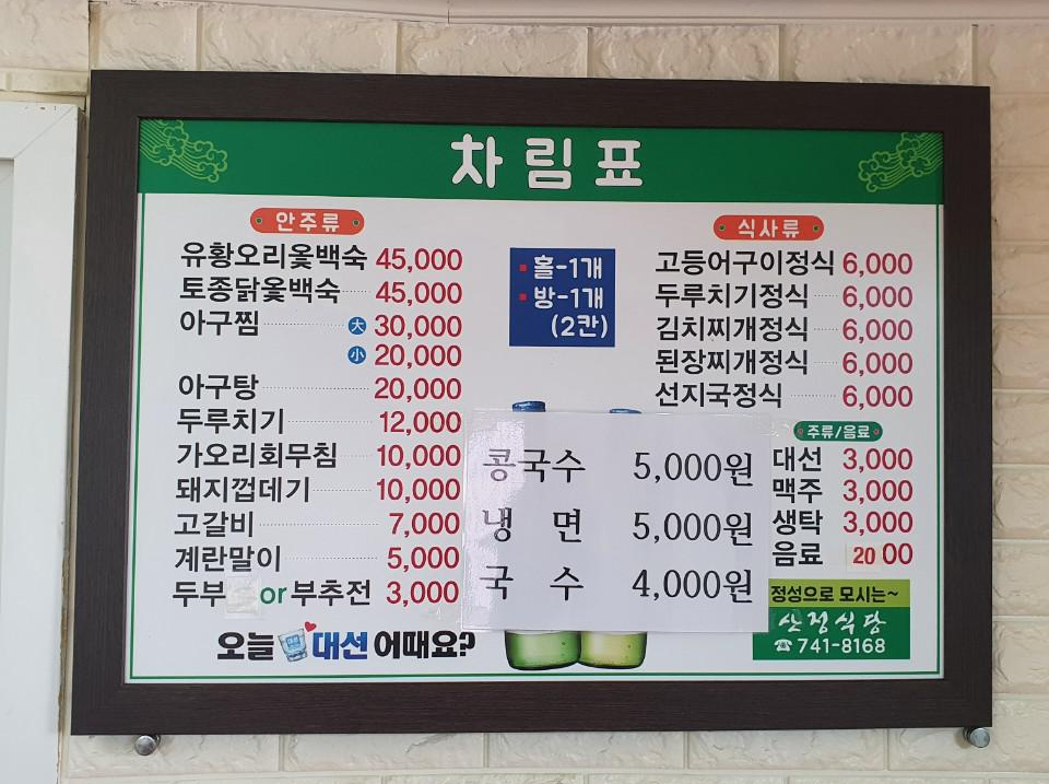 산정식당은 장산을 올라가는 길에 있는 동네식당입니다. 산을 찾는 분들이 즐겨 찾는 곳이죠
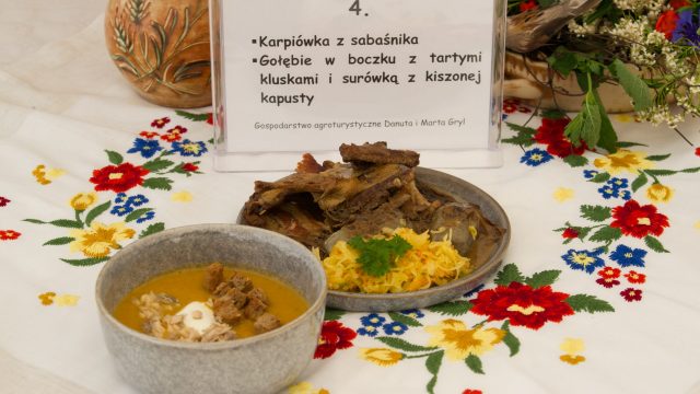 KGW w Nasalach za Polską zupę grzybową ze swojskim makaronem, królika z sosem śmietanowym podanym z kluskami śląskimi i mieszanką kiszonych warzyw
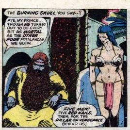 NOTE: Techotl is counting the slain Burning Skull among the “five dead.” Conan is wary of the “madman” Techotl and Valeria explains that he and his people live at one end of the strange city, while the people they just killed are of a faction who live at the other end.
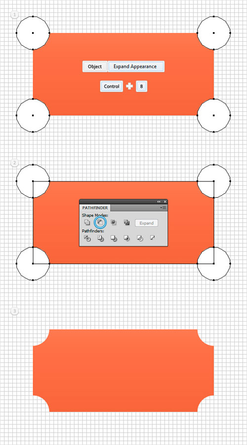 Убедитесь, что белые круги все еще выбраны. Идем Object > Expand Appearance. Выбираем группу данных форм и нажимаем Control + 8 (или же идем Object > Compound Path > Make) для того, чтобы объединить все в один канал. Выбираем канал вместе с прямоугольником и открываем панель Pathfinder (Window > Pathfinder) и отмечаем Minus Front button. Фокусируемся на панели Layers (слои) - Window > Layers, дважды щелкаем на поле имени и называем слой “ticket”.
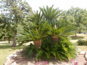 ソテツ(場所: 海のテラス周辺、淡路口ゲート周辺、花の中海周辺(花の丘道そば)ほか)
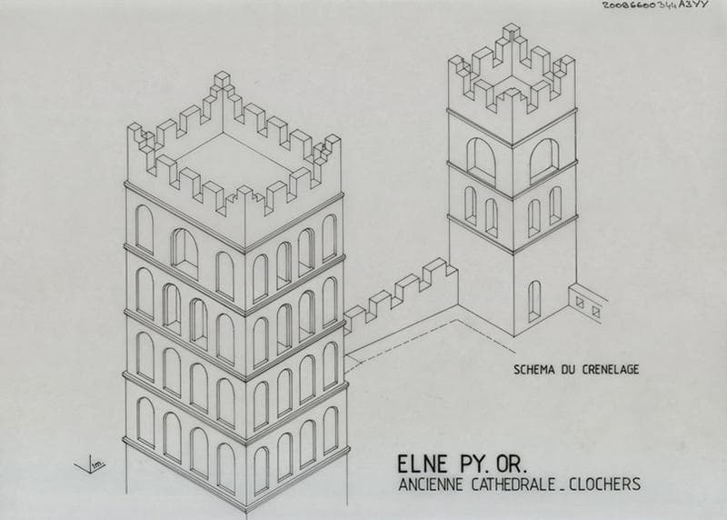 ancienne cathédrale ; clocher : schéma de crénelage.
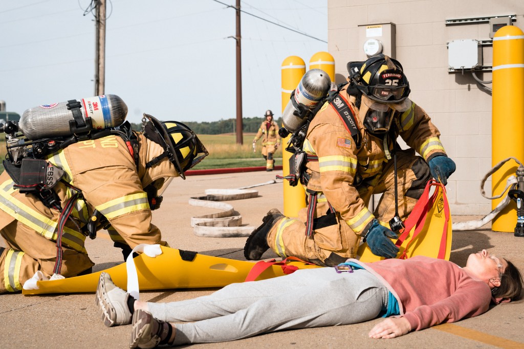 Saturday’s scenario began with a forklift driver having a medical emergency, causing a crash into a bank of industrial batteries. Damage to the batteries resulted in an acid leak, injuring other employees through contact with the acid and inhaling the poisonous fumes. To add to the confusion, a child played by a CPR training dummy was struck by a vehicle along the street next to the factory during the event.
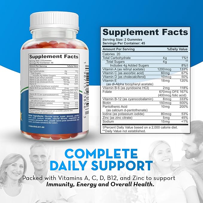 - Complete Daily Support – Contains essential Vitamins A, C, D, B12, and Zinc to help maintain immune health, energy levels, and overall well-being.
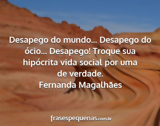 Desapego do mundo... Desapego do ócio... Desapego! Troque sua hipócrita vida social por uma de verdade.Fernanda Magalhães
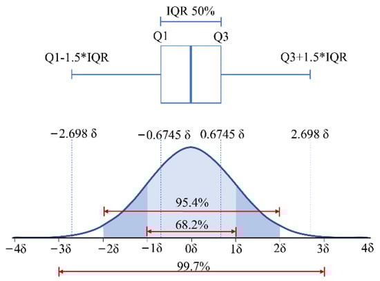 With the statistical tests, the prediction errors can be modeled as a normal distribution with the standard deviation, δ. The prediction error of the anomaly point resides far away from the normal data points, which are the majority of all the data points. The interquartile range (IQR) and standard deviation are metrics to measure the spread of values in a dataset, as shown in Figure 5. The IQR does not consider all the data points in the dataset, and it is concerned more about the positions of the data. However, the standard deviation considers all the data points of a dataset, also including the outliers. In general, if the data point is not within three standard deviations of the mean value, it should be considered an outlier. According to the empirical rule, 99.7% of the data observed, following a normal distribution, lie within three standard deviations of the mean [25]. Therefore, the data points that are not within three standard deviations of the mean value are identified as anomaly data. 3δ will be used as the threshold for anomaly detection in our research.
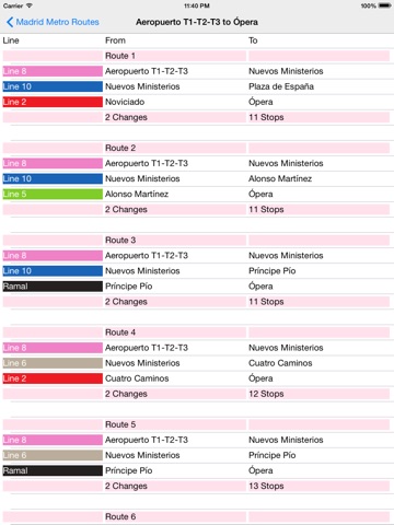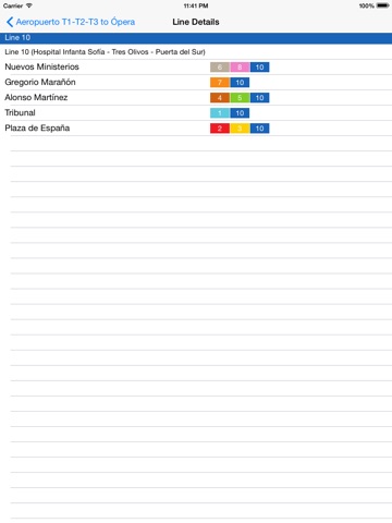 You can also view the detailed station list for each train line in Madrid. You can long tap on any station name from the list to see it on online maps.
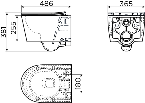 • Hartmaat bevestiging closetzitting: 180 mm
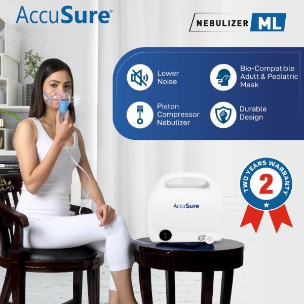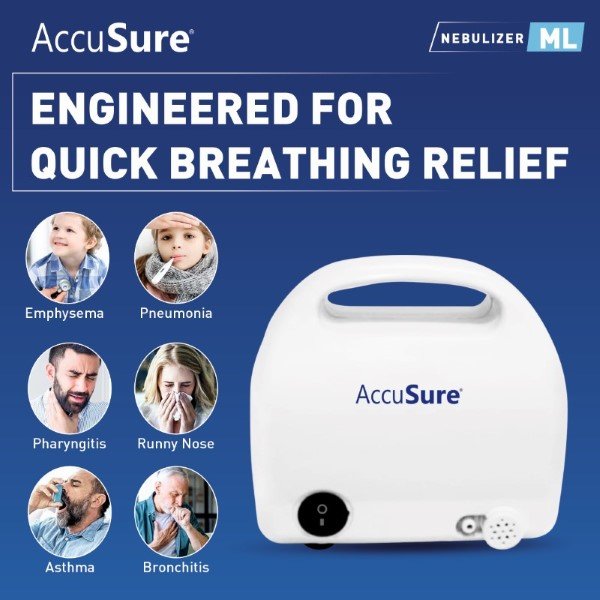 The AccuSure Portable ML Advance Nebulizer is designed to provide effective and reliable respiratory relief for people of all ages. With its compact and user-friendly design, it ensures fast delivery of medication directly to the lungs, making it ideal for managing conditions like asthma, COPD, bronchitis, cough, cold, and other respiratory issues. Equipped with certified mask kits and continuous operation capability, this nebulizer offers safe, convenient, and long-lasting performance for home use.

== What the task requires ==
Since the pictures are not part of the copy, please transcribe only the lines above from the one with "KGW w Nasalach" through the one with "Saturday’s scenario began", exactly and with both ends.

== Answer space ==
 KGW w Nasalach za Polską zupę grzybową ze swojskim makaronem, królika z sosem śmietanowym podanym z kluskami śląskimi i mieszanką kiszonych warzyw
 NOTE: Techotl is counting the slain Burning Skull among the “five dead.” Conan is wary of the “madman” Techotl and Valeria explains that he and his people live at one end of the strange city, while the people they just killed are of a faction who live at the other end.
 Убедитесь, что белые круги все еще выбраны. Идем Object > Expand Appearance. Выбираем группу данных форм и нажимаем Control + 8 (или же идем Object > Compound Path > Make) для того, чтобы объединить все в один канал. Выбираем канал вместе с прямоугольником и открываем панель Pathfinder (Window > Pathfinder) и отмечаем Minus Front button. Фокусируемся на панели Layers (слои) - Window > Layers, дважды щелкаем на поле имени и называем слой “ticket”.
 ソテツ(場所: 海のテラス周辺、淡路口ゲート周辺、花の中海周辺(花の丘道そば)ほか)
 ancienne cathédrale ; clocher : schéma de crénelage.
 Saturday’s scenario began with a forklift driver having a medical emergency, causing a crash into a bank of industrial batteries. Damage to the batteries resulted in an acid leak, injuring other employees through contact with the acid and inhaling the poisonous fumes. To add to the confusion, a child played by a CPR training dummy was struck by a vehicle along the street next to the factory during the event.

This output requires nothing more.